Sen. Geoff Gratwick, a Bangor Democrat and rheumatologist, said while Lyme disease is a serious problem that causes terrible suffering, politicians have no place inserting themselves in the doctor-patient relationship.
“I think that’s a very bad precedent for legislators to be saying how any group practices their craft,” he said.
The Maine Medical Association strongly opposes the bill’s “anti-science requirements.”
Testing for Lyme is just as accurate as for most other infectious disease, from strep throat to measles, but singling out Lyme for a special disclosure by doctors could give patients the opposite impression, Pinsky said.
“There’s nothing unique about Lyme disease in that regard,” he said. “The testing that’s available for Lyme disease is every bit as accurate as for virtually every other infectious disease that I see. It has limitations, but the limitations that are being promoted are not based in science.”
Dr. Beatrice Szantyr, a Lincoln pediatrician who favors the bill, testified before lawmakers that the disclosure to patients is critical to informed consent, a pillar of the doctor-patient relationship.The state has passed similar regulations concerning breast cancer patients to ensure they are aware of all treatment options for that disease, she said.

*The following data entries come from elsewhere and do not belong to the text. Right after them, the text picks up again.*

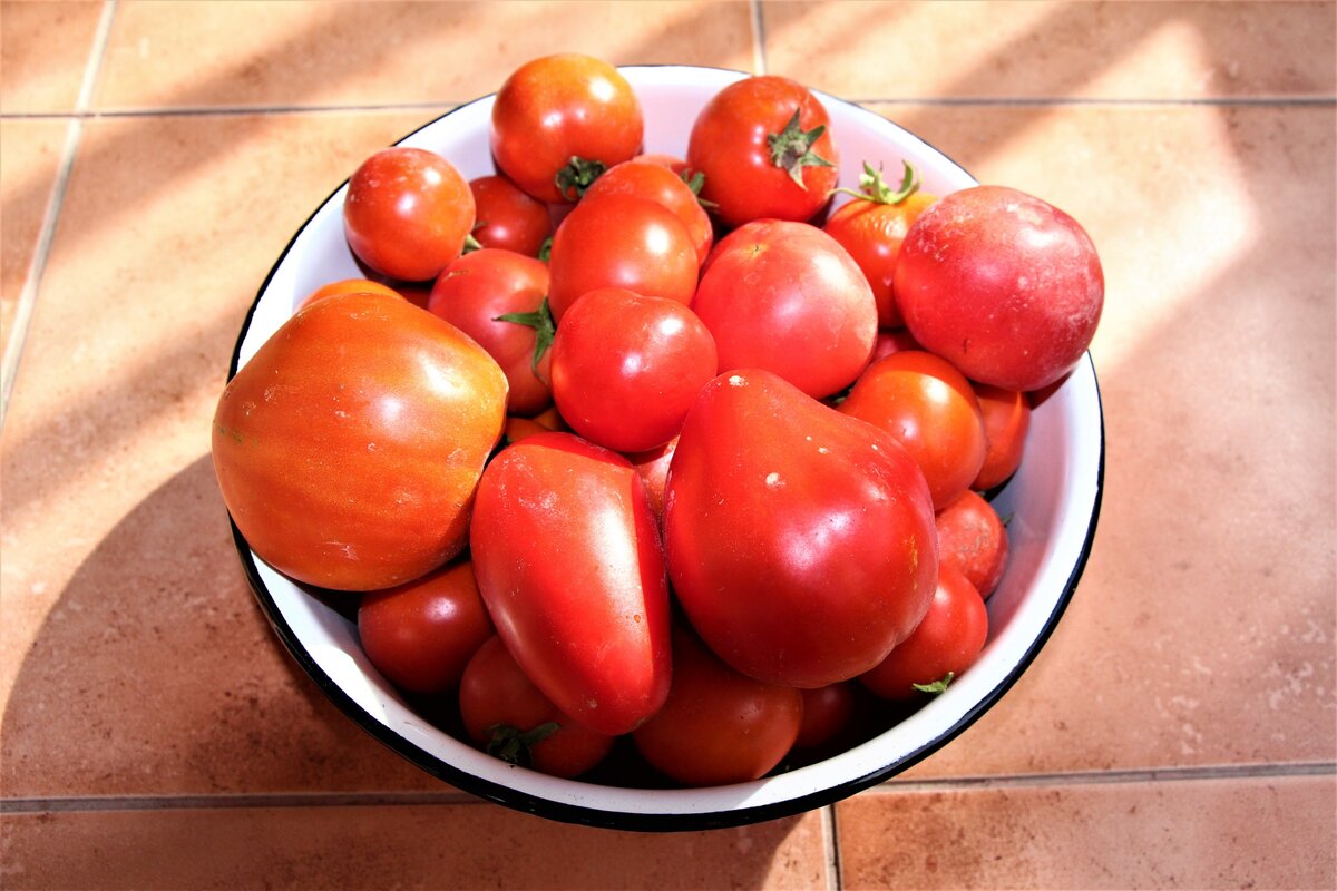 Это вчера утром мы сняли часть покрасневших от солнца помидор. Маленькие идут на зимнюю закатку. Вчера нам друзья-соседи дали кучу маленьких банок, теперь Светлана будет закатывать банки на раз-два поесть, зимой естественно. Помидоры просто по вкусу обалденно. Большие мы кушаем сейчас.
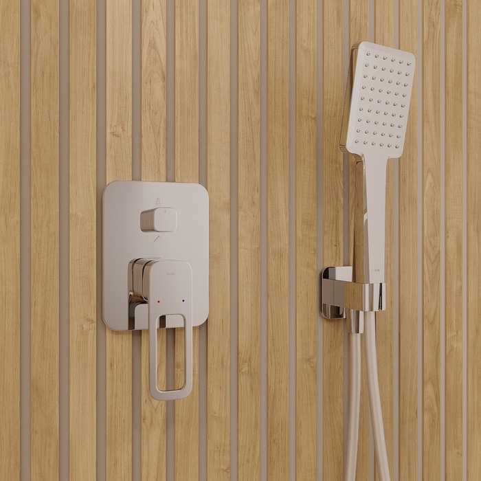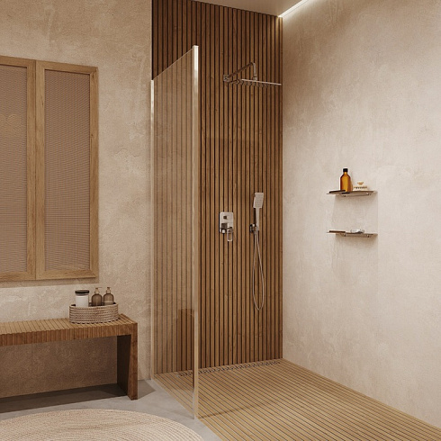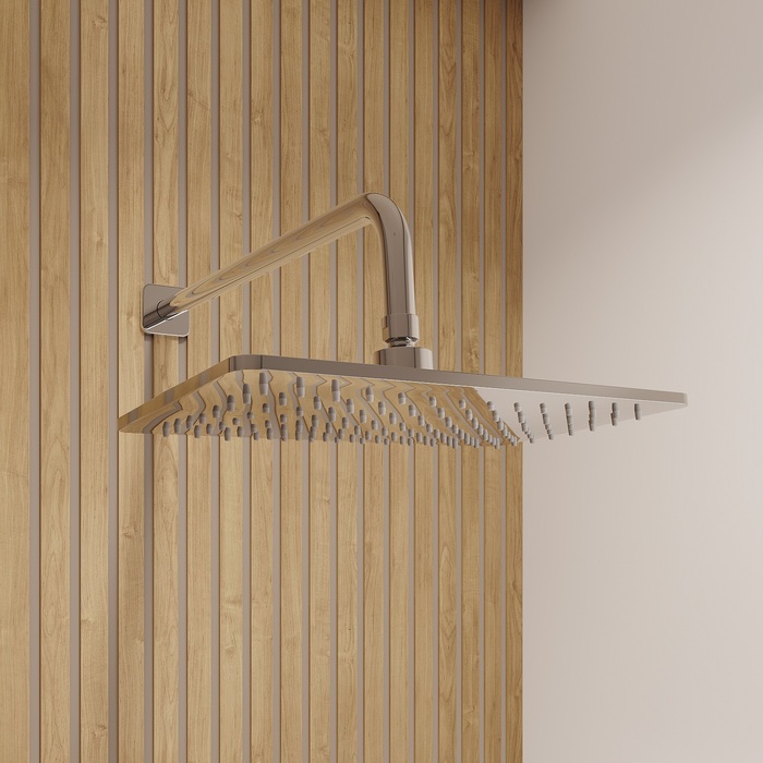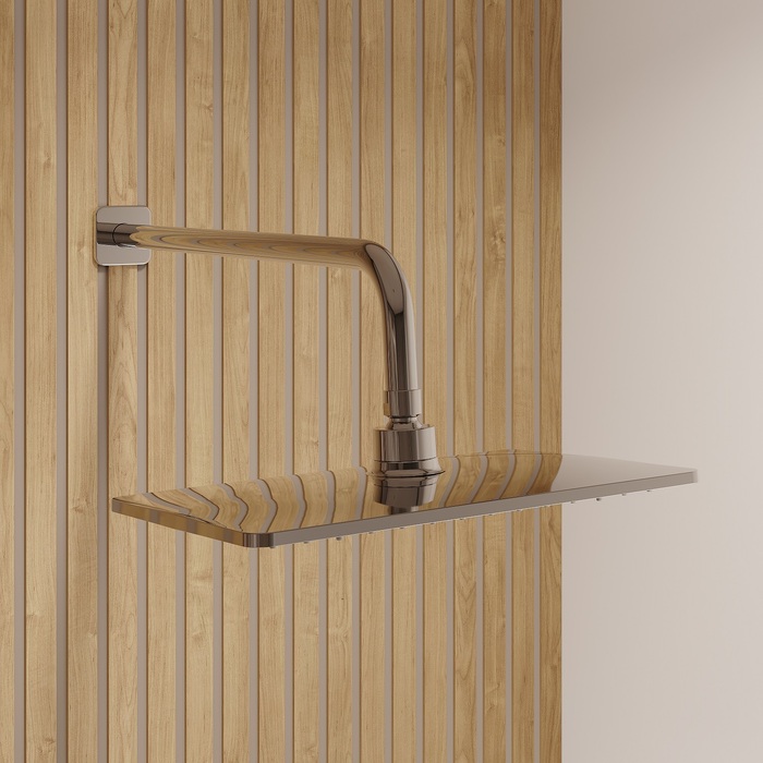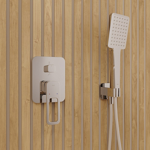 Оптимальная подборка сантехники Slide: смеситель, верхняя лейка с кронштейном для тропического душа, ручная лейка, душевой шланг 1,5 м и выход для шланга с держателем для лейки.
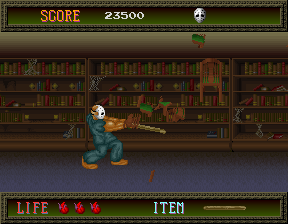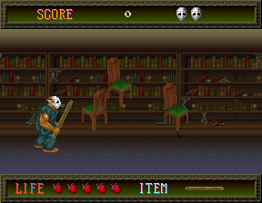 Before we get to choose our path, though, Rick must pass through a library full of chairs! A whole bunch of possessed chairs, back from the Poltergeist fight on Stage II, bounce around this small library area. This is a pretty short segment mostly because at the beginning you're given a two-by-four to do some serious carpentry on these four-legged furniture fiends. [You're fired, for excessive alliteration - Ed] Admittedly, it's slightly more fun to punch them because, like in the Poltergeist fight, you catapault them across the room when you do, but if you want to get through without getting hurt (PROTIP: you do) then grab the two-by-four and get crackin'.
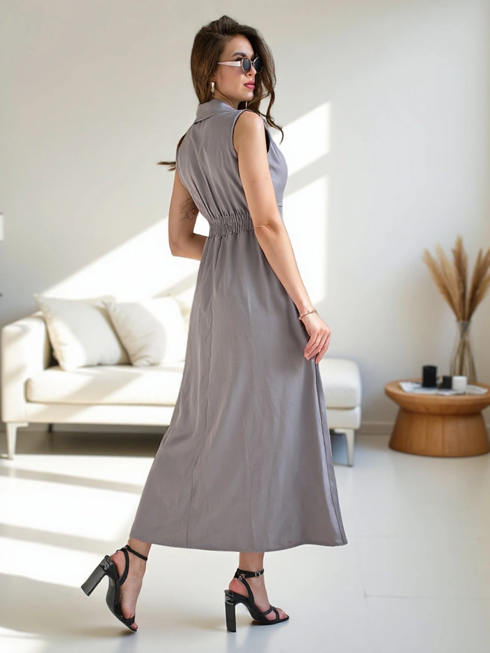 - Rochie fără mâneci pentru femei cu guler înfășurat. Modelul are un elastic în talie și o fustă fluidă. Eleganță de afaceri! OBSERVAȚIE: Precizia măsurătorii (+/-) 1 cm.

“Medical practitioners are required to present all treatment options, regardless of their personal, even expert opinion as to which option is best,” her testimony read. “The numbers of patients who feel they have not been similarly sufficiently informed concerning Lyme disease diagnosis and treatment demonstrates the need for a similar specific action in this case.”
Back in 2007, Sally Jordan was told her test for Lyme disease came back negative, a result that put her on a path to endless tests and visits with 25 doctors before her eventual diagnosis. She doesn’t remember ever seeing a tick bite or having the telltale rash, but a different Lyme test called a “Western blot” finally confirmed she had the disease.
She wishes one of those many, many doctors had told her parents that the first test could have been wrong, Sally said.